4.16.2026

[WIPS PRISM II] Turning Patent Data into Strategy : Your AI-Powered Solution


WIPS PRISM : Detailed Features and User Guide

In our previous issue, we introduced PRISM as a deep-learning-based AI patent automatic classification solution. It revolutionizes analysis speed and accuracy by automating the technical classification stage, which typically accounts for 50-60% of the patent analysis workload.

In this issue, we will dive deeper into the specific features that make PRISM an essential tool for patent professionals.

gl.wipsprism.com> AI Training

AI Training & Configuration

Establishing the AI classification model through data learning.

This stage involves the initial setup where the AI learns from user-provided data. By uploading a population and performing manual classification for training, a complete classification model is generated. 

Data Import: Upload up to 200,000 records via Excel or by syncing with WIPS Global "My Folders" (multiple folders supported). Additional data can be added even after a project is created. 

Classification Support: Supports both manual and stepwise classification.
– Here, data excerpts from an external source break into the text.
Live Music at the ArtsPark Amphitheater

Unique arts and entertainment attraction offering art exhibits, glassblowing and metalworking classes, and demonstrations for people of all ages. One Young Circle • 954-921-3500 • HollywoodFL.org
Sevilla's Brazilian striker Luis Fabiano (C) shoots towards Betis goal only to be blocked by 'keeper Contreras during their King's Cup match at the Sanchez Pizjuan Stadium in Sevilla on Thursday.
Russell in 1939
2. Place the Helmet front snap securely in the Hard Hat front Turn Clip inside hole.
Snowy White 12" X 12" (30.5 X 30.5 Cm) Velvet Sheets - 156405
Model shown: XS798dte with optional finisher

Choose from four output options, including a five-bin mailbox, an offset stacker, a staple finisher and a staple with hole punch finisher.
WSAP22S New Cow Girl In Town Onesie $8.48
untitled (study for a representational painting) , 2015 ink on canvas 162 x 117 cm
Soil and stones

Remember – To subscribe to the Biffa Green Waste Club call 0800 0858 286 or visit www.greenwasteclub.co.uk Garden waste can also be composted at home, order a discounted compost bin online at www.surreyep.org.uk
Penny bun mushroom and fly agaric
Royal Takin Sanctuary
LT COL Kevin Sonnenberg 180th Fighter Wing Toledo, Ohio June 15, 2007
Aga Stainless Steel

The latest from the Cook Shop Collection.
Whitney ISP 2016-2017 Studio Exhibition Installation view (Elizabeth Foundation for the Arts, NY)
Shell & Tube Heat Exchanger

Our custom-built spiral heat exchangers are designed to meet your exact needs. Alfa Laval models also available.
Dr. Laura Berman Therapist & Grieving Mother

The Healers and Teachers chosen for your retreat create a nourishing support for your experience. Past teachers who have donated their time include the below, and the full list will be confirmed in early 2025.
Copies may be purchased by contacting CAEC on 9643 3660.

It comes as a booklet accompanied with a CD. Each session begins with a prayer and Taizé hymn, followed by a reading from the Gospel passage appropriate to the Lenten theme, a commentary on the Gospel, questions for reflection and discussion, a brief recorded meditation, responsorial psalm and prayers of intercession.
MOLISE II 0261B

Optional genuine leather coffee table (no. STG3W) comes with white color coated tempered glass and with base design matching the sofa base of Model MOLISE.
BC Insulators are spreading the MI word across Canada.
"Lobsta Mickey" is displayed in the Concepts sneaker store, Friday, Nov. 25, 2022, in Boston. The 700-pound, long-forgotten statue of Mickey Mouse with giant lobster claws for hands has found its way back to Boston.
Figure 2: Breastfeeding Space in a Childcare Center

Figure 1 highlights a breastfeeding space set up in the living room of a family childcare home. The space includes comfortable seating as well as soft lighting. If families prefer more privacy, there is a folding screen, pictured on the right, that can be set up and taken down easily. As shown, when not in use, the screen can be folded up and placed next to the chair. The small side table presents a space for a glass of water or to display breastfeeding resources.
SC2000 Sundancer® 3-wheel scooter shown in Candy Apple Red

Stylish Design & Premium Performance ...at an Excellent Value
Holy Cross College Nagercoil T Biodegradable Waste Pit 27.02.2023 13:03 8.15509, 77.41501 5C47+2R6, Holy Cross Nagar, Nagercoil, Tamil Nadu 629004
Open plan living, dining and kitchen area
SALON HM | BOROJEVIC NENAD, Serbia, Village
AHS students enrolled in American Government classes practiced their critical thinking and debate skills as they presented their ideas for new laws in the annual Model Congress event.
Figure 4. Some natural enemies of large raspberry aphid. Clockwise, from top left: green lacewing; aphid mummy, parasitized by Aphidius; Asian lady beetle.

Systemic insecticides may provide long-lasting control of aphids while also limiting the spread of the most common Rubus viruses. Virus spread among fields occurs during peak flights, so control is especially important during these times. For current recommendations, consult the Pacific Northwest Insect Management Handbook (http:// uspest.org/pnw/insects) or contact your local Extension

It utilizes AI-generated summaries (sentence/phrase level) in addition to titles, abstracts, and claims. 

Training & Automation: You can train the AI on a small subset of the population to automatically classify the remaining documents. Precision can be adjusted using similarity settings (30–90%).

gl.wipsprism.com> Noise Filter

Noise Filtering via AI Training

Filtering out irrelevant data before technical classification.

The goal is to create a "Noise Filter" by training the AI on "Valid Documents" so it can identify and remove dissimilar "Noise Documents." 

The generated filter is applied during AI classification to automatically categorize documents as Valid (YES) or Noise (NO).

·    By selecting the noise filter option and uploading valid training cases, the AI generates a final filter optimized for your specific project.

gl.wipsprism.com> AI Classification


Real-World AI Classification

Applying the trained models to derive results (Technical Classification & Noise Filtering). 

Automated Technical Classification: Apply a pre-created model to receive a classified list for each document. The system displays the Top 3 classification categories along with their Similarity Scores (%)

Adjustment & Expansion: Users can set and edit classification trees up to 3 levels deep. You can also integrate and re-classify new populations with existing data. 

Recommended Workflow: To maximize data quality, we recommend a two-step process: first, use the Noise Filter to select valid patents, and second, apply the Detailed Technical Classification model. 

Continuous Improvement: Once a model is created, it can continuously classify new patents. Performance can be further refined by feeding newly classified data back into the model for additional training.

gl.wipsprism.com> Clustering


Clustering (Unsupervised Learning)

AI-driven grouping of similar patents without prior training data.

This is ideal for exploring new technologies, establishing initial classification systems, or predicting a competitor’s new business directions. 

Data Preparation: To avoid missing valid patents, it is best to collect data using broad search queries, even if they include some noise. Requires a minimum of 50 records

Clustering Settings: Supports up to 3 levels of grouping. Like AI training, users can select the data scope (Title, Abstract, Claims, or AI Summaries). 

Review & Model Conversion: After reviewing the clustering results, if the classification structure is satisfactory, it can be converted into an AI Classification Model (Supervised Learning) for future automation.

gl.wipsprism.com> Matrix


Matrix

Strategic insight through Objective (Why) vs. Solution (How) analysis.

The OS Matrix maps the same dataset across two axes—Object and Solution—to analyze distribution patterns and identify problem structures, technical trends, and opportunity areas. 

White Space Analysis: By setting AI classification or clustering results on the X and Y axes, you can see where data is concentrated or sparse. A "White Space" (an object with no corresponding solution) indicates an untried technical area

Portfolio Optimization: This method allows for the simultaneous identification of competitive structures and expansion potential. 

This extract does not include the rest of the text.